Over the past several months we’ve talked to you about Right to Repair(R2R) and how this global movement impacts end-user ability to more effectively and cost efficiently repair their own IT infrastructure. Previous posts have shown some of the key R2R concepts and noted that much of the momentum is coming from consumers, the auto industry and agriculture. As we monitor these developments,we think it’s important for all of us to know what the issues are and where we’re seeing impetus. By doing so, we can be informed in our discussions with maintenance partners, OEMs and government officials so together we can facilitate this movement.

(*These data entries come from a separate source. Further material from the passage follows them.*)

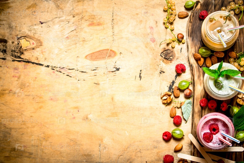 Ягодные коктейли с различными ягодами и орехами
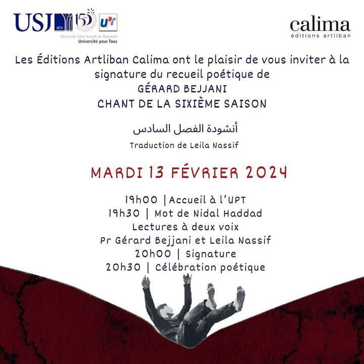Lors d'une soirée qui promet d'être empreinte de lyrisme et d'émotion, l'Université pour tous s'apprête à accueillir Gérard Bejjani, professeur-chercheur de littérature à l’université Saint-Joseph et titulaire de la Chaire Senghor de la francophonie de Beyrouth. Critique acclamé, romancier et poète de renom, Bejjani présentera son dernier recueil de poèmes, Chant de la sixième saison, publié aux Éditions Artliban Calima à l’Université pour tous, le 13 février 2024.
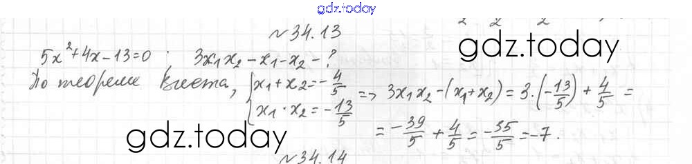 Ответы к §34. Теорема Виета Решение к главе 6. Квадратные уравнения 13 Учебнику по Алгебре для 8 класса Мерзляк, Поляков Углубленный уровень Вентана-граф Алгоритм успеха 2020
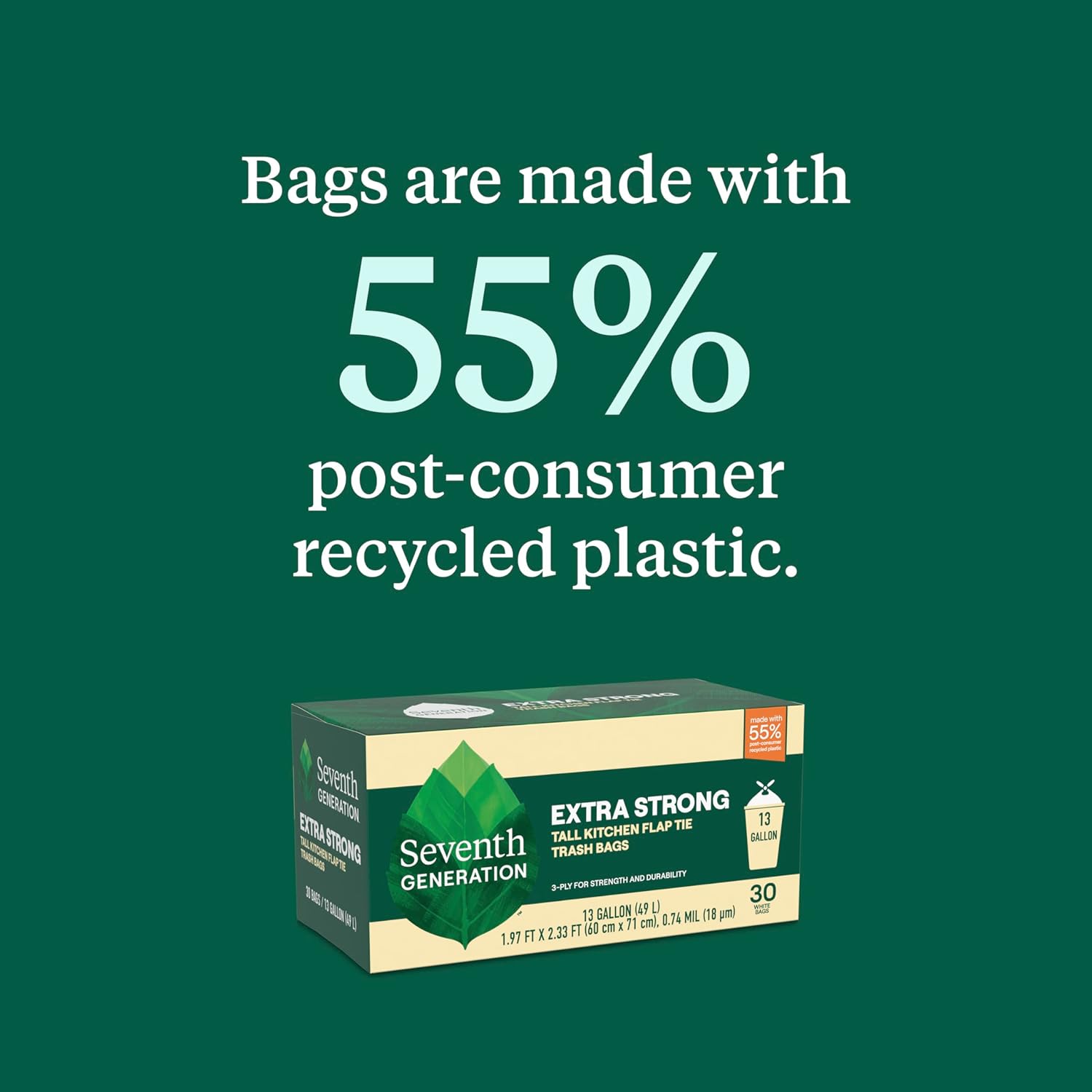 Seventh Generation Tall Kitchen Trash Bags are the sustainable and durable choice for your kitchen waste. Our trash bags are made with 55% recycled content making these trash bags a more sustainable choice than trash bags made from 100% virgin plastic. Each bag features our Gencore 3-layer technology making them tough and flexible maximizing your ability to fill each bag. These trash bags feature a convenient flap tie closure making clean-up easy! At Seventh Generation we do business differently. We believe our products are healthy solutions for use within your home–and for the community and environment outside of it. We are always evaluating how to reduce their environmental impact, increase performance and safety, and create a more sustainable supply chain. We believe it is our responsibility to set a course for a more mindful way of doing business, where companies act as partners with other stakeholders to create a brighter future for the whole planet. Seventh Generation is proud to be a Certified B Corporation. B Corps are certified to be better for workers, better for communities, and better for the environment. By choosing Seventh Generation products, you’re joining us in nurturing the health of the next seven generations.
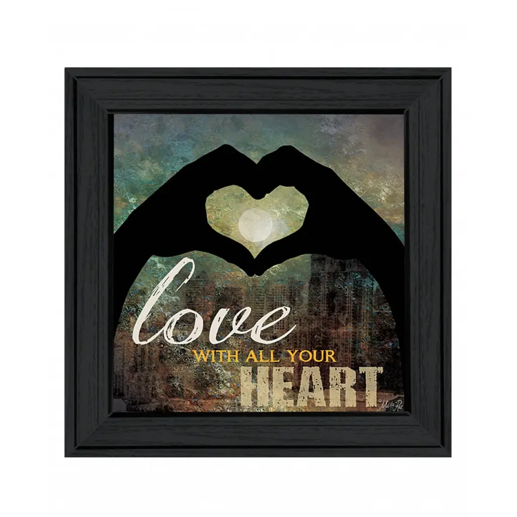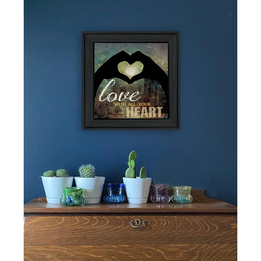 Unique and decorative, this love with all your heart 4 black framed print wall art will leave a lasting impression. This print is a visual artistic expression that allows you to decorate your space in style. Reproduced for you on wood, this hanging decorative accent will be a trendy and fashionable way to dress your walls in a rustic and modern farmhouse vibe. Adding this hanging wall art to your space to make your room feel more finished and attractive. Instantly liven up your space with this art that brings color and dimension to your walls. 15" H x 15" W x 1" D
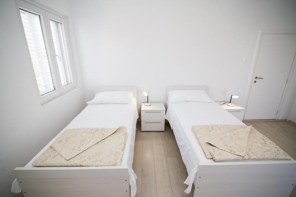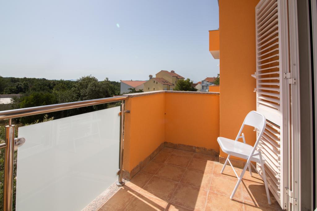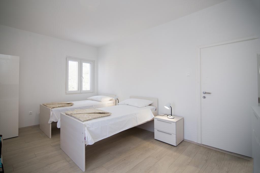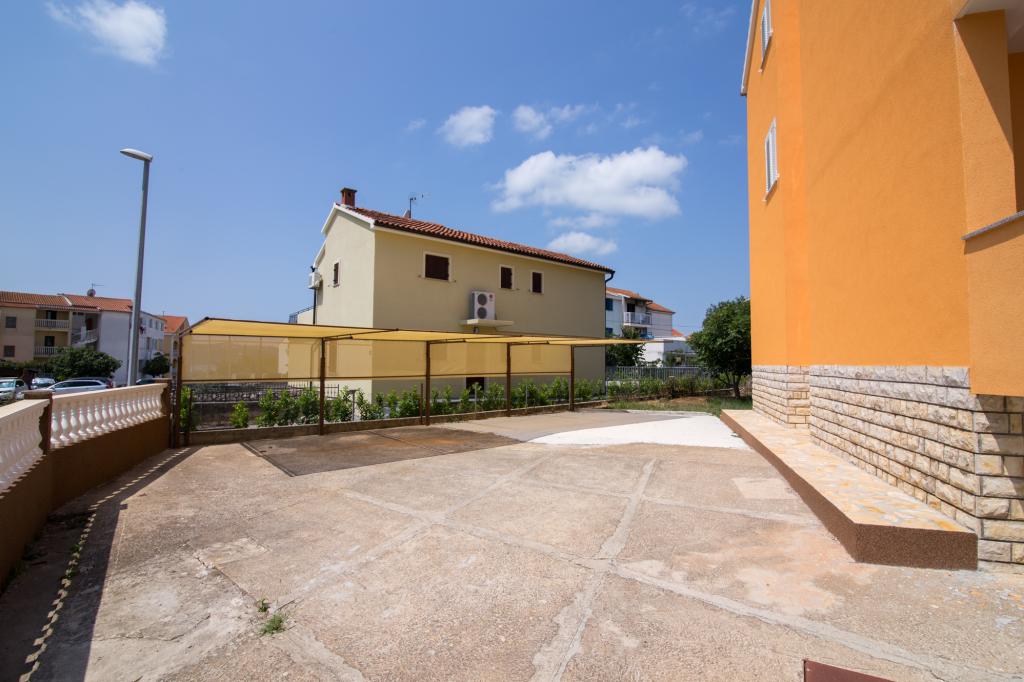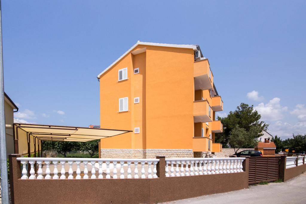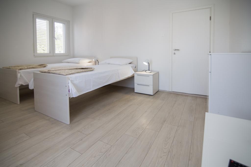 Apartmány Jadran se nacházejí v klidném apartmánovém komplexu v Biogradu na Moru Kumenat, vzdáleném od centra města, vedle turistického kempu obklopeného borovými lesy. Do centra města se dostanete 10minutovou procházkou po promenádě podél moře. Vzdálenost od stejnojmenné pláže Kumenat je asi 100 metrů a od druhé písečné pláže Soline asi 300 metrů. Apartmány se nacházejí ve druhém a třetím patře rodinného domu s výhledem na moře a ostrovy, o celkové rozloze 65 m2 každý apartmán, skládající se ze dvou samostatných pokojů s lůžky a přistýlkami a dalšího pokoje se dvěma lůžky, kuchyně s obývacím pokojem, chodby, koupelny a dvou teras. Každý apartmán má 2 pokoje a jednu přistýlku, takže ubytování je vhodné pro 5 osob, a dvě terasy v přední a zadní části domu, kde si můžete užívat a relaxovat při ranním štěbetání ptáků a kochat se výhledem na moře a ostrovy a romantickými západy slunce. Počet nocí závisí na výběru hostů, ceník je k dispozici kliknutím na tlačítko ceník. Vítejte!
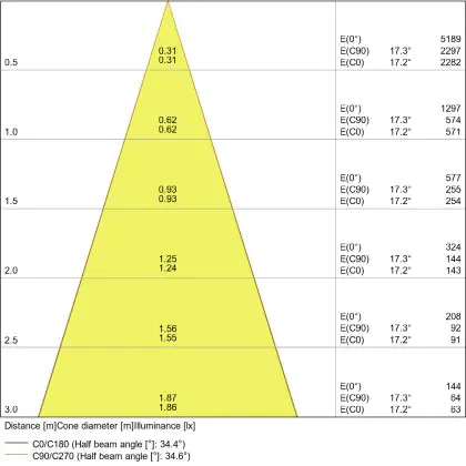 De lichtopbrengst en de gradenbundel spelen een grote rol. Zo geeft de lichtopbrengst van 620 Lumen in combinatie met de 36° stralingshoek deze inbouwspot een specifieke toepassing. Kort samengevat is een lichtintensiteit van maximaal 400 Lumen ideaal voor accentverlichting, terwijl hogere waardes goed gebruikt kunnen worden als basisverlichting. Over het algemeen geldt: hoe breder de gradenbundel, hoe geschikter deze is door basisverlichting. Dit komt doordat het licht over een groter oppervlak wordt verspreid. Smallere gradenbundels (tot 40°) kunnen echter bij hoge plafonds ook goed tot hun recht komen als algemene verlichting.
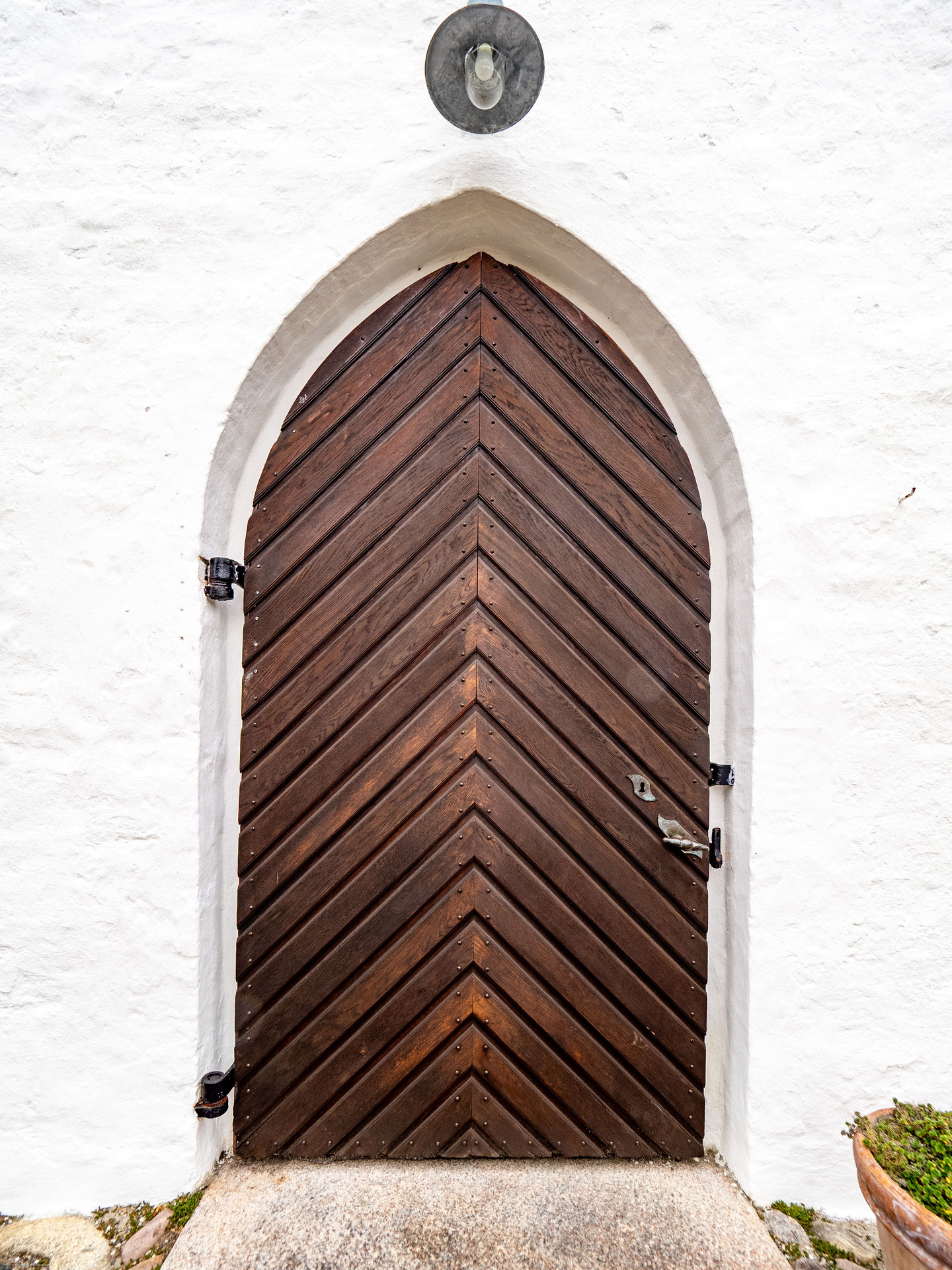 ... und 140 Schlitzschrauben ergeben von geschickter Handwerkerhand zusammengesetzt die Front einer veritablen Kirchentür. Die Tür gehört zur Onsbjerg Kirke, der ältesten der sieben Kirchen auf Samsoe
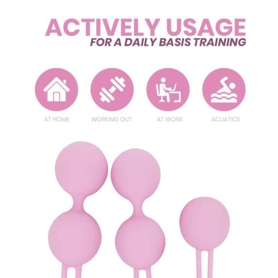 Intimichic Pelvis Health II to komplet trzech ergonomicznych trenażerow w rożnych rozmiarach i wagach, pozwalających na progresywny trening dopasowany do indywidualnych potrzeb. Każdy element wykonano z najwyższej jakości, hipoalergicznego silikonu medycznego, wolnego od ftalanow. Dla wygody użytkowania zastosowano elastyczne połączenia oraz trwały przewod silikonowy ułatwiający ekstrakcję. Zestaw zapakowany jest w stylowe, eleganckie pudełko, w ktorym znajdziesz także satynową torbę oraz instrukcję obsługi w kilku językach.
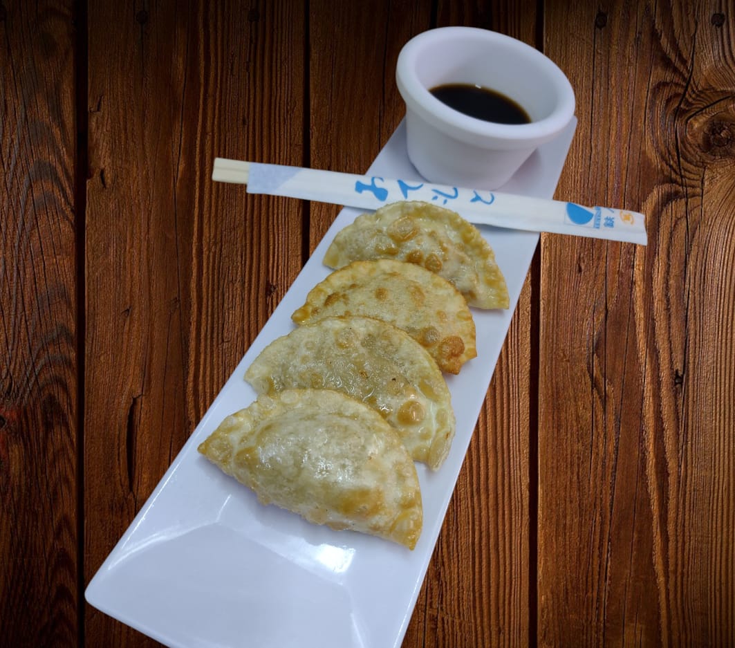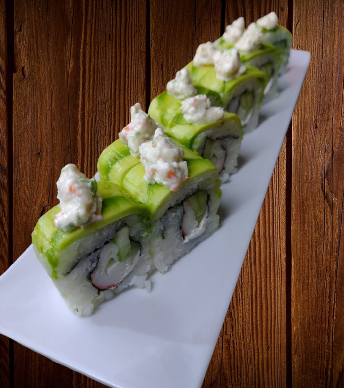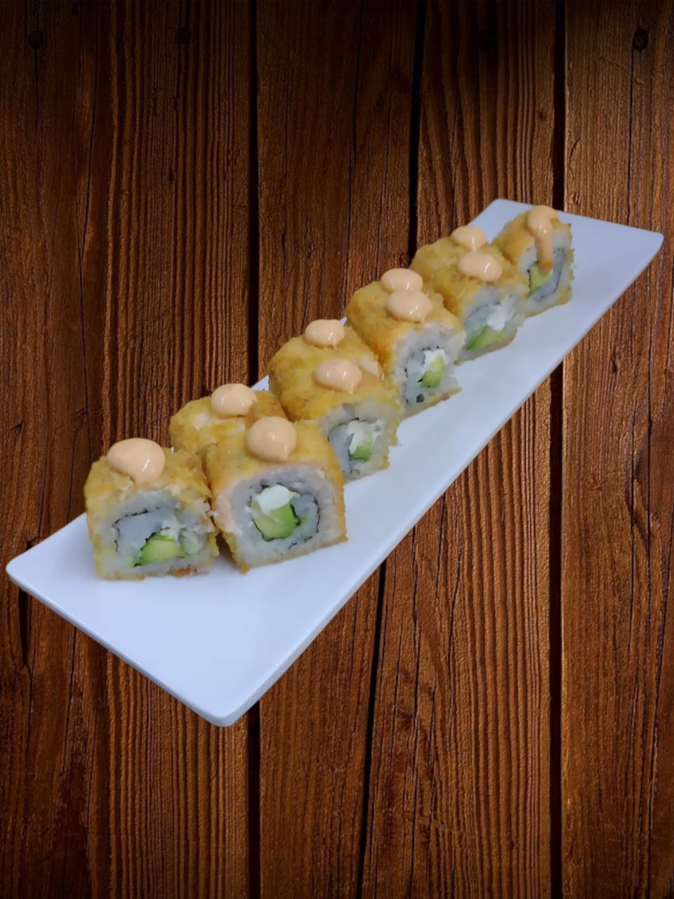 Por fuera camarón o pollo, rollo empanizado, por dentro aguacate y espinaca, servido con salsa dulce.
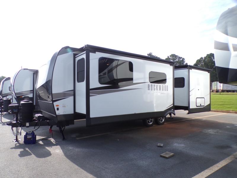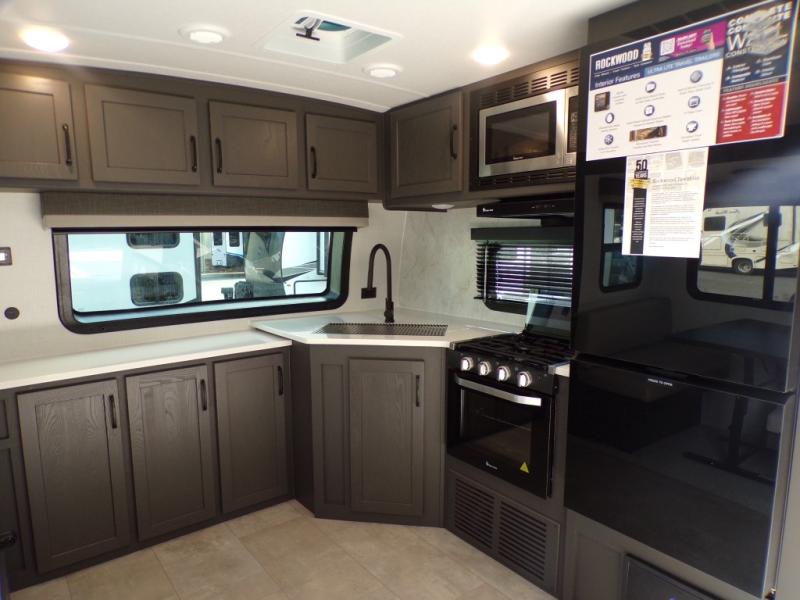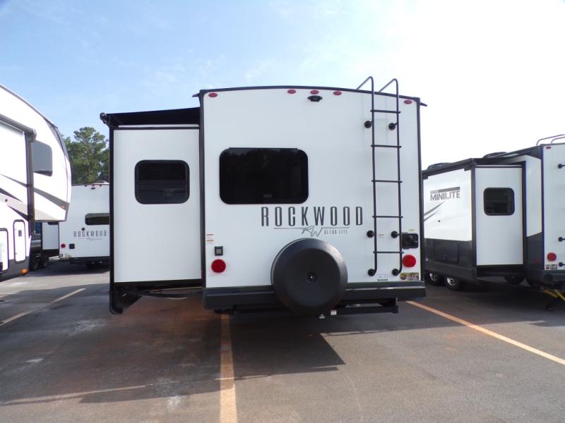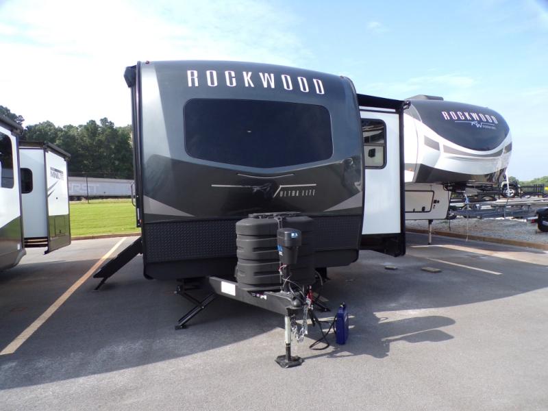 Each Rockwood Ultra Lite travel trailer by Forest River includes superior construction with a high gloss front cap, laminated white fiberglass sidewalls, and tinted frameless windows for a sleek look. The torsion axle, Rubber-Ryde suspension will make towing smooth and hassle-free, along with the nitrogen filled, Goodyear Endurance tires and the tire pressure monitor system. Interior comforts include designer kitchen backsplash, solid wood cabinet doors with hidden hinges, and night roller shades to name a few. Choose a Rockwood Ultra Lite travel trailer today!

European Union Making Major Strides for R2R

An article dated November 19, 2021, entitled “European Union: One Person’s Trash Is Another Person’s Treasure Part IV: The Right To Repair Movement -U.K. Update” shows how remarkably this issue is spreading globally. R2R is part of the climate change initiative and regardless of what we all might think of this hot topic, our experience shows us that substantial savings and reductions in waste can be achieved with the ability to engage in best-in-class IT maintenance. The article highlights some of the regulations that have recently gone into effect in the UK, “The U.K.’s right to repair rules require manufacturers to provide spare parts to consumers and third-party repair companies for 7 to 10 years after the model has been discontinued. They also obligate manufacturers to provide information regarding repair and maintenance to third party repair service providers within 2 years of launching a new product. Manufacturers will also have to incorporate repairability into their products in order to comply with the new rules.”Note that TPMs are specifically mentioned here. The implications of these new regulations are that the useful lives of assets can be extended,and maintenance can be accomplished more quickly and cost effectively by not having to find workarounds and fight with OEMs for the tools and software we need.

 

Even Giant Restaurant Chain McDonalds is Affected by R2R

We noted with interest a recent article in the Daily Wire, “Federal Government Looking Into McDonald’s Ice Cream Machines”. The article explores issues with ice cream machines produced by Taylor, used in McDonald’s franchisees across the United States, “The Wall Street Journal reported on Wednesday that the FTC this summer sought information from McDonald’s relating to the constantly broken ice cream machines from location to location.”The problem has been exacerbated by confusing error codes which shut down the ice cream machines and often require either the OEM, Taylor, or authorized repair companies to fix the machine. With the volume of machines nationwide and the need for timely repairs, many McDonalds franchisees have been unable to get their machines fixed quickly resulting in customer complaints and lost sales. There are now lawsuits among TPMs, franchisees and Taylor,which is what the FTC is investigating.

 

North Texas Daily Article “The Right to Repair is Crucial for Consumers”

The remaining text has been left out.